Unscrupulous fiduciaries have until June 12 to turn themselves in
The SEC has released FAQs for self-reporting of conflicted fund recommendations.
The Securities and Exchange Commission does not anticipate extending a June 12 deadline for registered investment advisors to report imprudent recommendations on mutual fund share classes, according to an FAQ released by the agency.
The Share Class Selection Disclosure Initiative, a program launched in February, intends to rein in “potential widespread violations” of the Investment Advisers Act of 1940.
Specifically, the program is targeting advisors’ failure to disclose 12b-1 fees on mutual funds, and recommendations of higher cost share classes when lower-cost shares of the same fund were available.
The SEC’s Division of Enforcement will recommend that firms self-reporting violations will not be subject to civil penalties. Firms will, however, be responsible for returning ill-gotten gains from 12b-1 fees on higher-cost share classes to investors, according to the announcement of the program in February.
In the newly released FAQ, the SEC offers a “non-exhaustive” list of circumstances where lower-cost share classes are available for the same fund.
The availability of a lower-cost share class is fund-specific, the FAQ says. A failure to compare share class offerings between different fund families will not be a reportable offense.

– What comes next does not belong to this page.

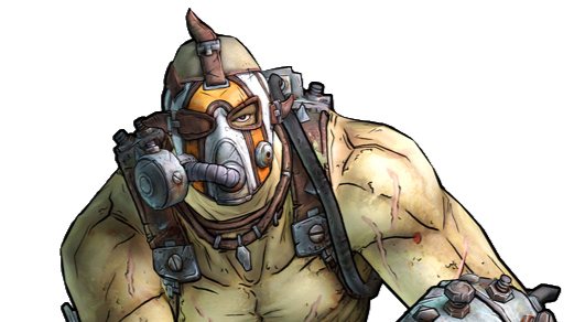 Not much is known about Krieg. That is, not much is known about Krieg outside of the fact that he is a bloodthirsty raving lunatic with some twisted sense of justice. Whoever he was before he became a Psycho has largely ceased to matter, because even though he was a bounty hunter with quite the reputation about him, he would eventually find himself lost within his own mind after many of Hyperion's twisted experiments.Deep inside of his own mind, he retains a shred of his sanity. He's able to somewhat communicate with whatever consciousness remains in his body, managing to just barely steer the insane pain train of meat and insanity out of the way of any potential innocent victims. Above all else, he wants to be free from his mind... but until then, he just wants toOn the outside though, Krieg is a well meaning (if loud and annoying) seeker of justice, prone to more than simple violence. Near-indecipherable ranting and raving, mindless destruction, and outright murder. Lots and lots of murder. But only for those who deserve it, of course... it's just a good thing that Pandora is full of those who "deserve it."
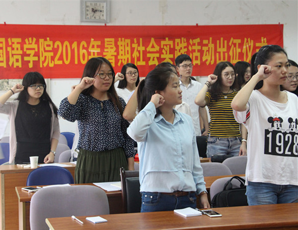 学工办主任薛桂芳宣读了2016年学院暑期社会实践立项团队名单和资助情况,并就财务报销要求对实践团队进行指导;潘华老师对全体团队成员进行安全教育,希望团队能牢牢谨记“安全第一”的思想,始终把安全工作放在首位,各团队队长签署了安全协议书;随后与会嘉宾为暑期实践团队授旗,av女优 2016年暑期社会实践活动正式启动。院学生会就业实践部部长罗巧同学带领实践团队宣誓,立志完成实践目标,在实践中践行知行合一理念。

Firms that put investors into a more expensive share class when they met required minimums for lower-cost share classes will be considered in violation of the Advisers Act.
Recommendations of higher-cost share classes will be in violation if fund prospectuses included waivers of investment minimums.
Advisors who assumed funds would not waive investment minimums on lower-cost share classes without confirming their assumptions will also have to return cash to investors.
And advisors who put some investors into lower-cost share classes, and other clients of similar net worth into higher-cost classes will also be required to return money.
The SCSD Initiative will only be available to recommendations made by registered advisory firms. Recommendations made by the broker-dealer component of dually registered firms will not apply, according to the SEC.
Firms that have already been examined by SEC’s Office of Compliance Inspections and Examinations will still have to self-report violations in order to get relief from civil penalties.
Advisors will be able to explain why costlier share classes were recommended. Advisors who used 12b-1 fees to reduce a client’s annual fees may not be required to return money to investors. But advisors will not be able to claim that clients would have had to pay higher annual fees on their assets in lieu of 12b-1 fees. “The Division’s recommendation will depend on the particular facts and circumstances,” the FAQ says.
Under the SCDC Initiative, individuals associated with self-reporting firms may still be subject to further enforcement action if they violated securities laws.
For firms that are eligible for the Initiative, but choose not to self-disclose violations, the SEC cautions that subsequent enforcement action may be harsher.
“Eligible advisers are cautioned that staff from the Commission’s Office of Compliance Inspections and Examinations and the Division of Enforcement plan to continue to make mutual fund share class selection practices a priority, and plan to proactively seek to identify investment advisers that may have failed to make the necessary disclosures related to mutual fund share class selection,” the SEC said in its announcement of the program.